### DATA BELOW ###

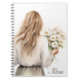 Arte acuático de una joven con un ramo de margarita sobre blanco. Se puede cambiar el nombre.
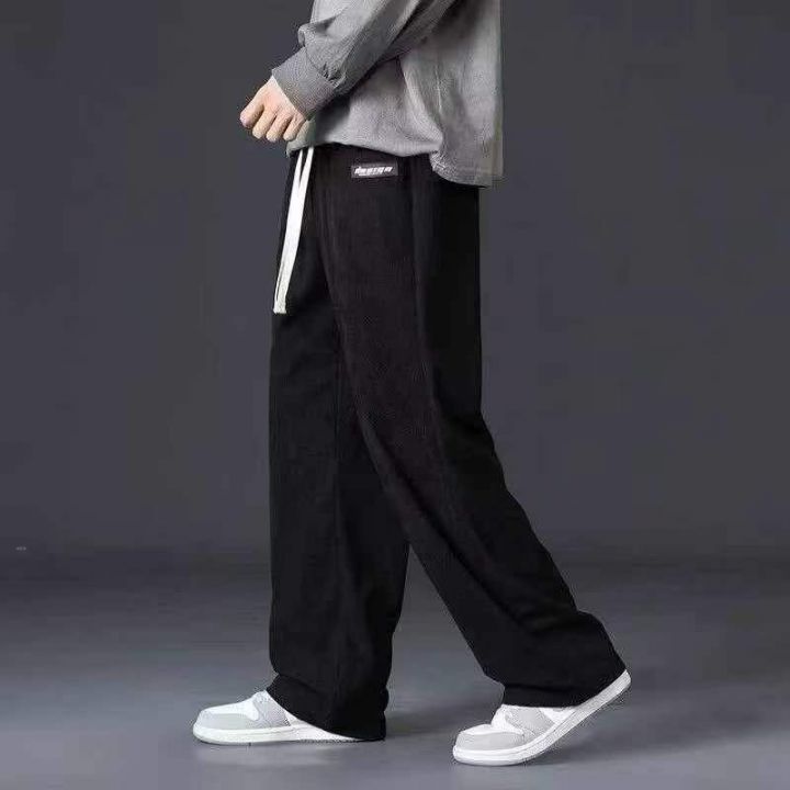 清8.8灯芯绒裤子男春秋季潮牌直筒卫裤男生垂感阔腿裤宽松休闲运动长裤,码...
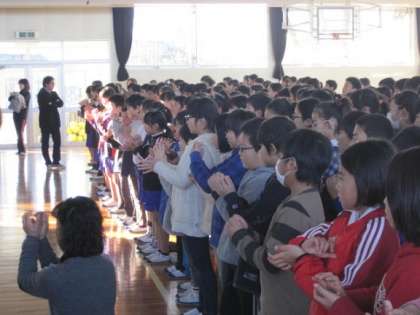 最後には一人一人の世界で一つだけのきれいなお花が体育館にたくさん咲き、とてもさわやかな音楽集会となりました。

###

I would like you to set down the lines above, from the one containing "清8.8灯芯绒裤子男春秋季潮牌直筒卫裤男生垂感阔腿裤宽松休闲运动长裤,码..." to the final line, exactly as written and without pictures.

» ANSWER FOR THE TASK
 清8.8灯芯绒裤子男春秋季潮牌直筒卫裤男生垂感阔腿裤宽松休闲运动长裤,码...
 最後には一人一人の世界で一つだけのきれいなお花が体育館にたくさん咲き、とてもさわやかな音楽集会となりました。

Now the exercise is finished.